The phenomena show clearly that two sources of danger arising from such terrific explosions must be guarded against. The glass broken within the first two miles proved a rush of air toward the destroyed magazine. The sudden up-rush of gas, the mass very highly heated, caused a vacuum, and the subsequent cooling added to the effect. The air rushed toward that vacuum from all directions, and. when it was contained in a confined space, as a closed room, it quickly broke the glass, shattering it into small fragments, which fell outward. But the force which did this work was spent within a comparatively narrow area. Beyond that it only appeared as the back-and-forward movement of an ordinary sound-wave. The distance to which this was carried could not be determined, because beyond some seven or eight miles the report was not distinguished from the ordinary roll of the thunder.
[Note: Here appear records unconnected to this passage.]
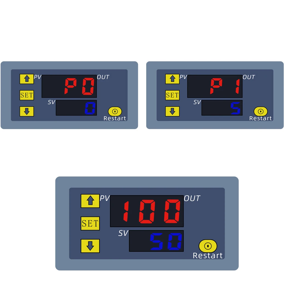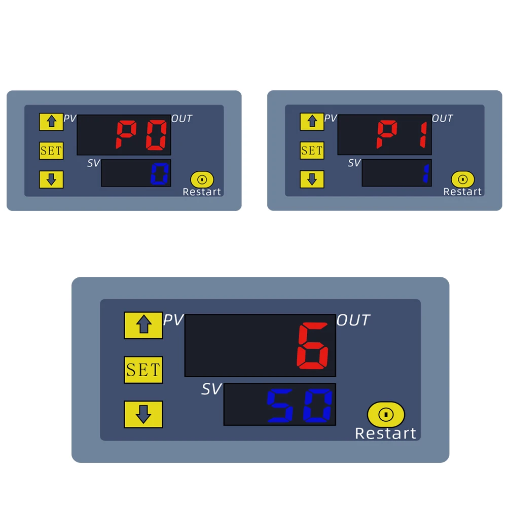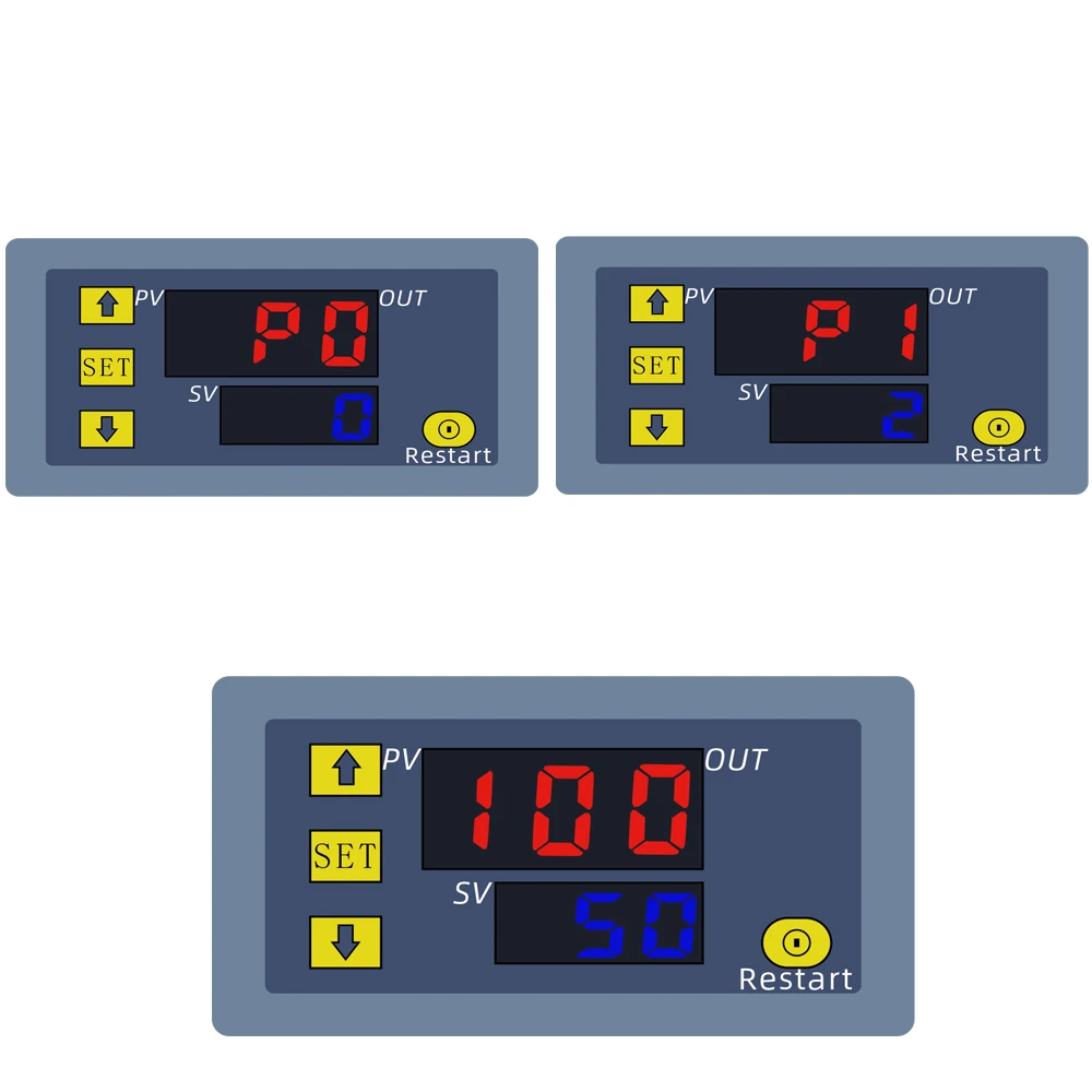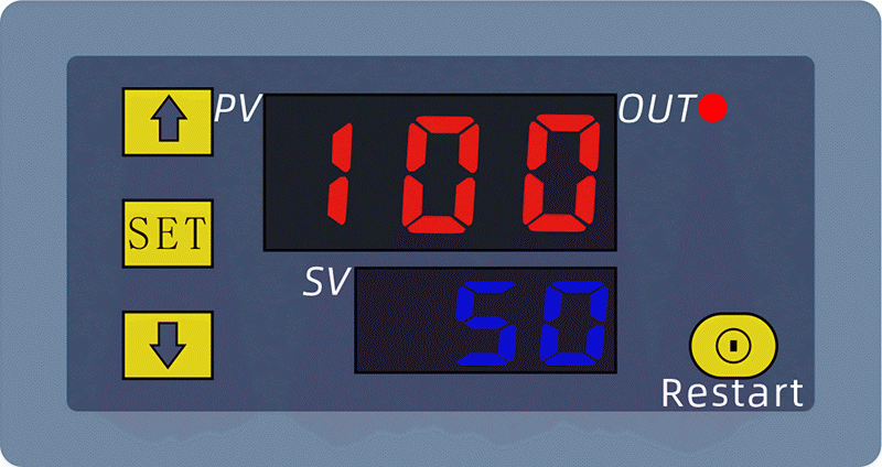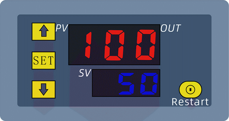 想象一下,您打开机器100秒,然后关闭机器50秒,最后打开机器。 P1 = 3,将控制参数PV-Nixie管放在100处,将SV-Nixie管放在50处。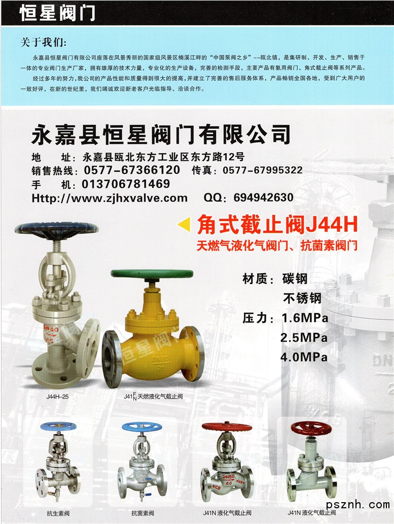 永嘉縣恒星閥門有限公司 氨用截止閥 氨用止回閥 角式截止閥點擊:1000 查看原圖![]() ![]() ![]() 永嘉縣恒星閥門有限公司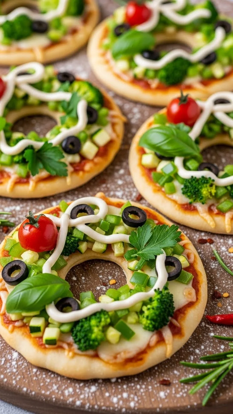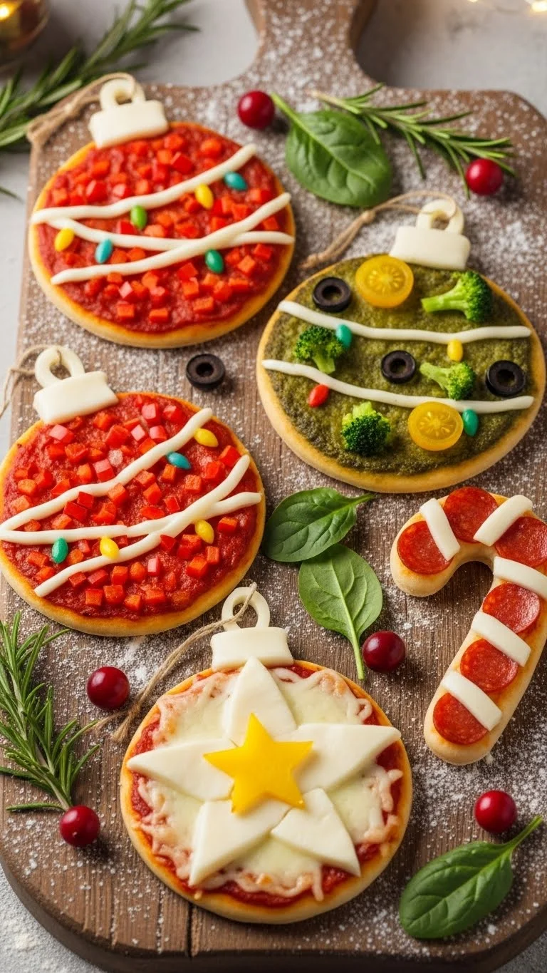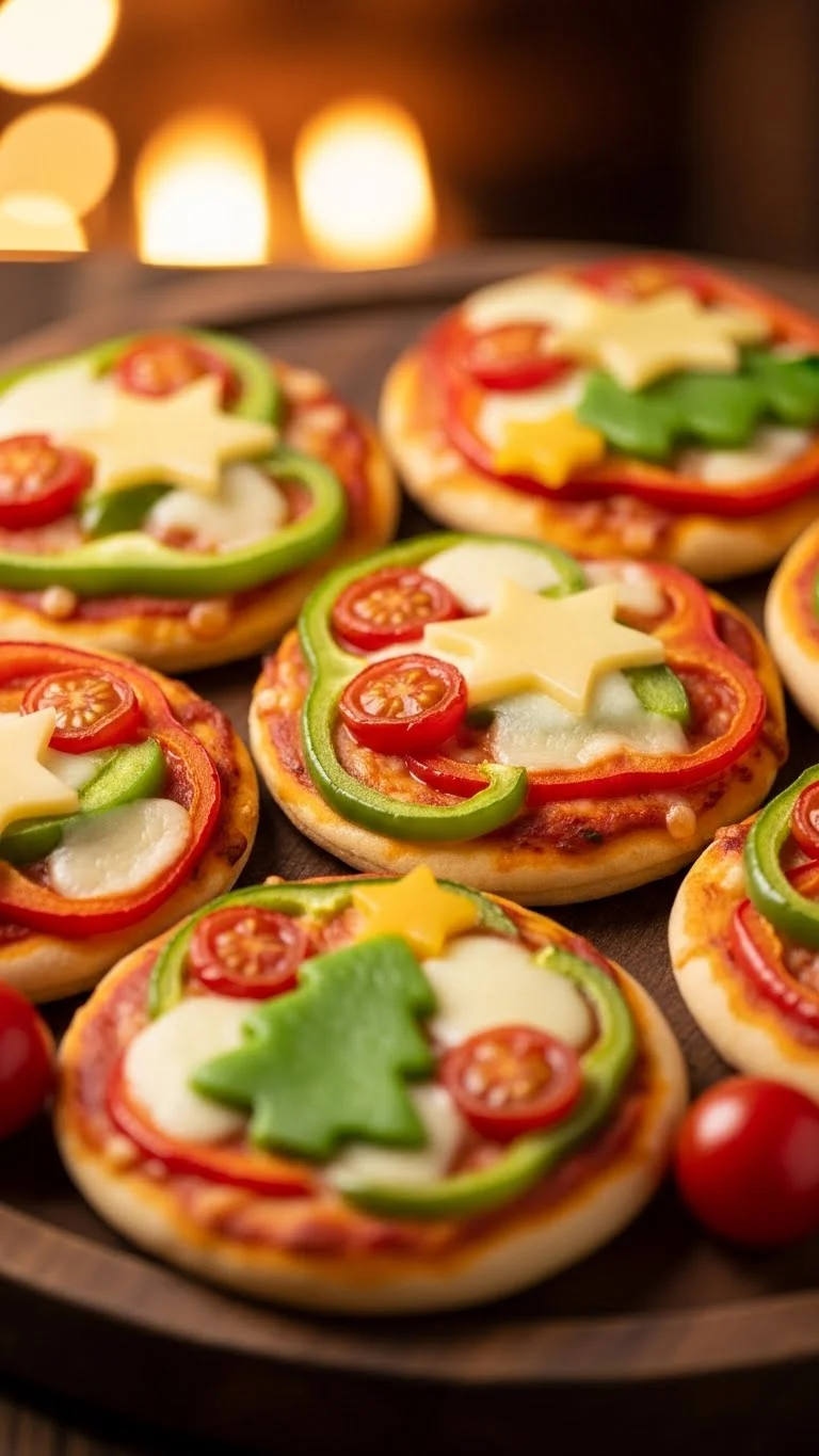 With playful shapes, easy toppings, and kid-friendly assembly, these tiny pizzas make holiday snacking fun and stress-free.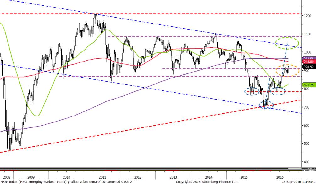 En cuanto a Emergentes, el MSCI Emerging Markets esta semana está superando la zona de 900 puntos al alza. Este era el nivel que desde 2013 a 2015 funcionó como soporte y su pérdida el verano pasado por la devaluación del Yuan, provocó fuertes caídas hasta la base del canal bajista de los últimos 6 años que se dibuja en azul. Este verano decíamos que el MSCI Emerging Markets estaba dibujando una figura de suelo en forma de H-C-H invertido y que en agosto había superado la línea clavicular. El objetivo lo situábamos en nivel de 1.000 - 1.050 puntos. Tras frenarse en la resistencia comentada, parece que los emergentes se dirigen a cumplir el objetivo.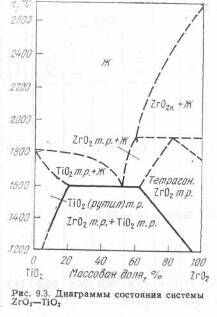 В системе ZrO2 — TiO2 (рис. 9.3) образуется одно соединение ZrO2-TiO2 с широким интервалом гомогенности. Имеются области твердого раствора TiO2 в ZrO2 и твердого раствора ZrO2 в TiO2. Расворимость TiO2 в ZrO2 определяли методом высокотемпературного твердофазного взаимодействия. Порошки исходных веществ готовили с осаждением из раствора, прессовали в стальной форме и отжигали на воздухе при 1300 °С в течение 792 ч, при 1400 °С 360 ч и при 1500сС 288 ч. Растворимость TiO2 в тетрагональном ZrO2T, определения рентгенофазовым и дифференциальным термическим анализом, составила 13,8±3% при 1300 °С, 14,9±0,2% при 1400 °С и 16,1 ±0,2% при 1500 °С. При охлаждении до комнатной температуры эти твердые растворы превращаются в мета-стабильные моноклинные твердые растворы без изменения состава.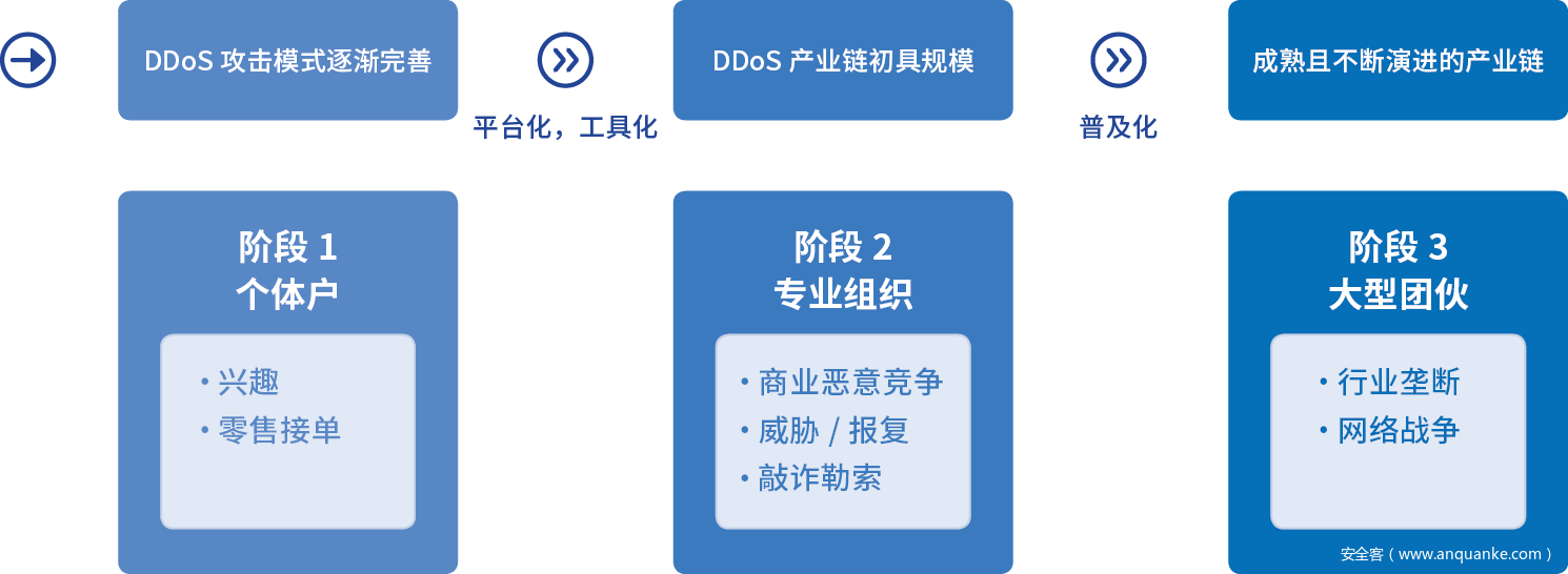 同时出现集成自动化的DDoS攻击软件、平台化的SaaS服务。且逐渐团伙化发展,形成DDoS完整攻击链闭环。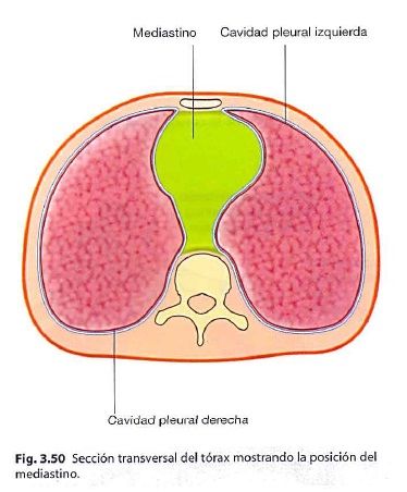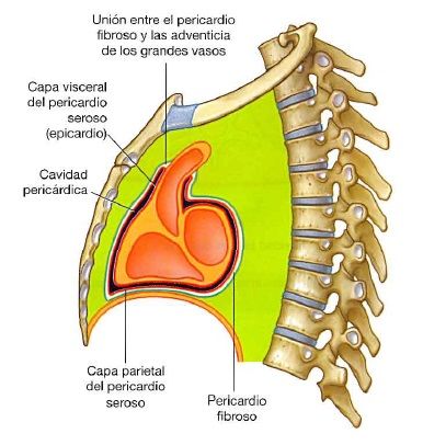 Pericardio:El pericardio es un saco fibroseroso que rodea al corazón y a la raíz de los grandes vasos y se encuentra en el mediastino medio.Se divide en dos tipos:1.-Pericardio fibroso: es una capa externa de tejido conjuntivo resistente que establece los limites del mediastino medio. Tiene forma de cono y tiene su base en el diafragma y cuyo vértice se continúa con la adventicia de los grandes vasos. su base esta unida al tendón central del diafragma,mientras que se une a la superficie posterior del esternón por medio de los ligamentos esternopericárdicos.Es inervado por los mismos nervios frenicos que inervan al diafragma y que se originan en los niveles espinales de C3 y C5, mientras que su irrigación esta dada por los vasos pericardiofrénicos. 2.-Pericardio seroso: ubicado dentro den pericardio fibroso. Este a su vez se divide en dos porciones: Capa parietal: recubre la superficie interna de la lamina fibrosa. Capa visceral (epicardio): esta dentro de la paca parietal y se adhiere al corazón y forma su cubierta externa. la capa parietal se continua con las capas viscerales en torno a la raíz de los grandes vasos a través de reflexiones las cuales son:Una superior: Rodeando a las arterias, la aorta y el tronco pulmonar. Contiene al seno pericárdico oblicuo.Una segunda más posterior: rodea a las venas, la vena cava superior e inferior y a las venas pulmonares.Ambas reflexiones se comunican por el seno pericárdico transverso.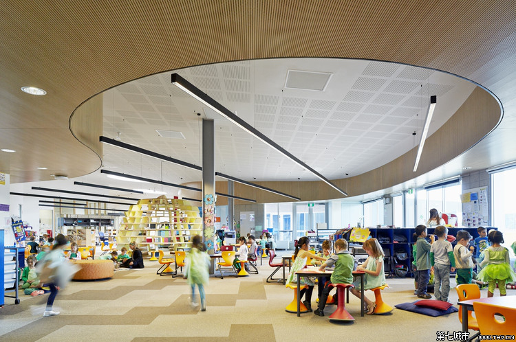 这是澳洲的一所小学,它的空间比较大,容纳250名的学生,空间之间整体透明,将学习者连在一起,创造重要的团体意识。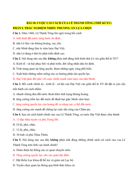Câu 2. Nội dung nào sau đây không phản ánh đúng tình hình nhà Lê vào giữa thế kỉ XV?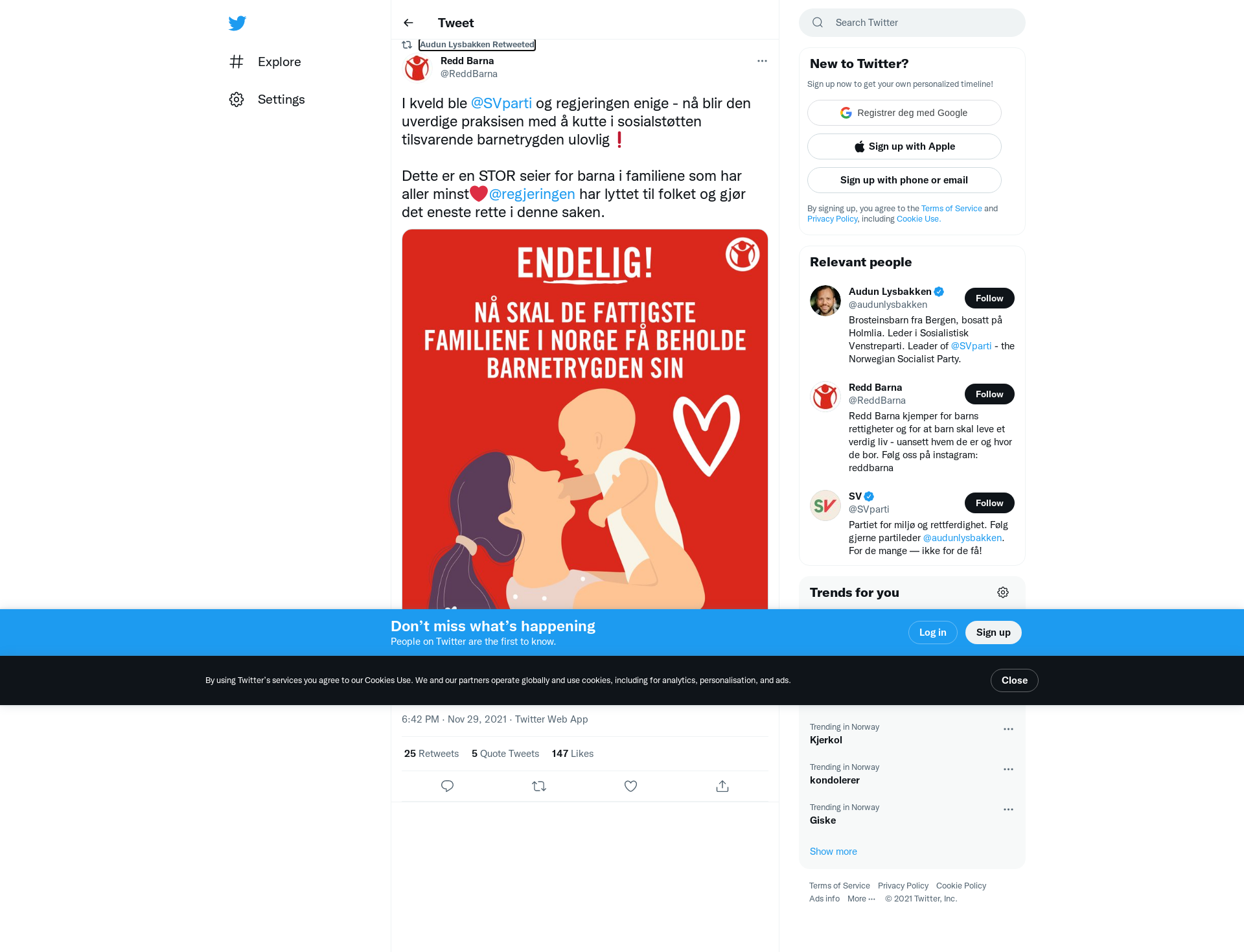 Dette er en STOR seier for barna i familiene som har aller minst❤️@regjeringen har lyttet til folket og gjør det eneste rette i denne saken. https://t.co/FWYvC3xXxz

This explosion produced an earth-wave as well as an air-wave. The force of the dynamite, exerted largely downward, not only tore the ground out to make the hole, but forced it away sidewise in all directions. This formed a ridge around the hole, and at the same time it produced a wave, that is, an up-and-down movement in the earth. One observer, who was sitting quietly in a chair about six miles from the magazine at the time of the explosion, described the sensation which he felt as a quick movement down and up again. He was not quite positive which preceded, the motion upward or downward, but he thought that downward. That would indicate that the upward motion of the earth was first, since the human body has the sensation of moving in the opposite direction to the motion of the wave, and that agrees with the appearance of the hole. This earth-wave made dishes rattle in all places where it was felt perceptibly. In the central part of Chicago many plate-glass windows were cracked. These were injured by the earth-wave, not by the air-wave. They were simply shattered from the motion of the surrounding walls, but were not forced either inward or outward. One observer stated that a pane of glass near him was cracked at the moment when he felt the shock, not when he heard the report, which was a little later. This shows that the earth-wave moved faster than the air-wave which produced the sound. There is also reason to believe that this earth-wave traveled much farther than the air-wave. A self-recording barometer in the laboratory of Lake Forest University, about thirty miles distant from Brighton village, showed a sudden movement of the mercury at about that time, which could be accounted for only by referring it to the wave of the explosion.[1] Probably this was not the limit of the movement. Unfortunately, there were no means of determining the rate at which this earth-wave moved. All these conditions combine to surround this remarkable explosion with peculiar interest.

  1. The same instrument clearly recorded the earthquake-movement of the evening of August 31st.